NourishDoc: So quite a big list of what you just shared with us; it’s a really good list, and the thing is there anything unlike women, and you talk about this sage tea so women can take it by themselves, some of the other herbs they should concern with someone like yourself like a naturopath. Anything else you want to add for women to take care of their hot flashes? 

Naturopath Norelle: No, I just sort of focus on, I would sort of say at the first thing, even before getting into herbs, focus on your underlying health and well-being, and that is the foundation, and the herbs can come on the top to just sort of even out the spikes, and also some women do tend to get for various reasons they do none of this stuff will work I do have cases with that.

Bioidentical HRT For Hot Flashes

So don’t be afraid to work with a good doctor to look at hormone replacement therapy as I potentially just because if especially with there’s sort of some bioidentical stuff that can be quite good especially to help with sleep and that if you’re just not getting asleep, it’s really hard to sort of look after yourself if you’re dragging yourself through the day.

So sometimes I have to counsel women to consider because they sort of they’ve been this horror stories from 20-odd years ago about hormone replacement therapy, but that’s not where it is today. When nothing else has worked, I also say to talk to your doctor, and they’ll be able to address all your concerns. But don’t rule it out if you need to temporarily do all those other things to support your health and make you feel better through this transition, which is a natural transition. We’ll all go through it, so I’m very passionate about making sure we’re advocating. 

NourishDoc: Well, thank you. So much this is a quick 10 to 15-minute session that we’re doing daily really educate women; we’re focused on women’s health, women 40 and above because we feel that that’s a segment that’s a little bit ignored; everyone focuses on the pregnancy and Beyond and the mom and then once you you’re still a mom but after that, we forget about women what women go through, and that’s what we are focused on. Any last comments from you before I wrap up? Thank you for all your support in making this a success. We are creating an amazing resource and a platform for women over 40.

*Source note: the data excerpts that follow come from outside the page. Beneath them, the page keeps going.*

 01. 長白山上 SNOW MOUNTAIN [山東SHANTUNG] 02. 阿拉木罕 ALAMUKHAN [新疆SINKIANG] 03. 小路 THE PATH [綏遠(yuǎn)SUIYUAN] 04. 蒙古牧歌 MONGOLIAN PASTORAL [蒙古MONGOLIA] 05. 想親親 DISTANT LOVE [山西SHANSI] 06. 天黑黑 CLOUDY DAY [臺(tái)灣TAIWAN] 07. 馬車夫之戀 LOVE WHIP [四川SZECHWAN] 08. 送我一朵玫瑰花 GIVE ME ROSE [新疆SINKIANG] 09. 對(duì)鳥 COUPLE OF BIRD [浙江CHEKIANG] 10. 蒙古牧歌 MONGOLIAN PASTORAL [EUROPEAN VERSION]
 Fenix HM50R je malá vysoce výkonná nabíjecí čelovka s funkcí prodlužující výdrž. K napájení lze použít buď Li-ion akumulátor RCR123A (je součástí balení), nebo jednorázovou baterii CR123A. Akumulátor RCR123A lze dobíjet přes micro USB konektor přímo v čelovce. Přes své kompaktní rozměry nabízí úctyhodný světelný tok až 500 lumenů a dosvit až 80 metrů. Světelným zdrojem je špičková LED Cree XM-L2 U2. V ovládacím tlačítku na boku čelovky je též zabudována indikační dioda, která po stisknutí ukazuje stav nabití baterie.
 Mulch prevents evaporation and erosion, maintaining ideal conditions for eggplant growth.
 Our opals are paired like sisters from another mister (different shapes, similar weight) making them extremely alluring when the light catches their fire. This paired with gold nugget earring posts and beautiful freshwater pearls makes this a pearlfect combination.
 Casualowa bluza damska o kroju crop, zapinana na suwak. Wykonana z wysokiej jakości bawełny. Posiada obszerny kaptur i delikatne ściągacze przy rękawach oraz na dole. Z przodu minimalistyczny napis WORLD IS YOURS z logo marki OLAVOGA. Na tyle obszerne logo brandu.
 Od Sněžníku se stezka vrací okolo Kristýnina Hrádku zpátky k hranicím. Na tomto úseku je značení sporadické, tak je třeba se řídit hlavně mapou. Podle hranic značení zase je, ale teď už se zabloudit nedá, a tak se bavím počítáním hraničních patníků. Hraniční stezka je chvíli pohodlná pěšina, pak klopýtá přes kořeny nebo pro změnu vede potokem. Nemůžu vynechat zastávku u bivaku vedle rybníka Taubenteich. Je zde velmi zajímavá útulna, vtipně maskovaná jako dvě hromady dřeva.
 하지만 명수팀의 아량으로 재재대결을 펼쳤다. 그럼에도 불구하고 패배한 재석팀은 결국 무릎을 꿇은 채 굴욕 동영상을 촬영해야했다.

Naturopath Norelle: No, what you’re doing is so important, and it’s great for women to be able to have these resources because sometimes it’s just that you don’t know that there are other options out there, so I do encourage all women to explore those options and know that you can go through this transition with it all being not as bad as it’s made out to be we go we need to change the narrative around that all. 

NourishDoc: Well, thank you so much; keep supporting us; we are launching our programs in January specifically for Women’s Health, so you keep giving feedback and supporting us. With that, thank you so much. Have a great week.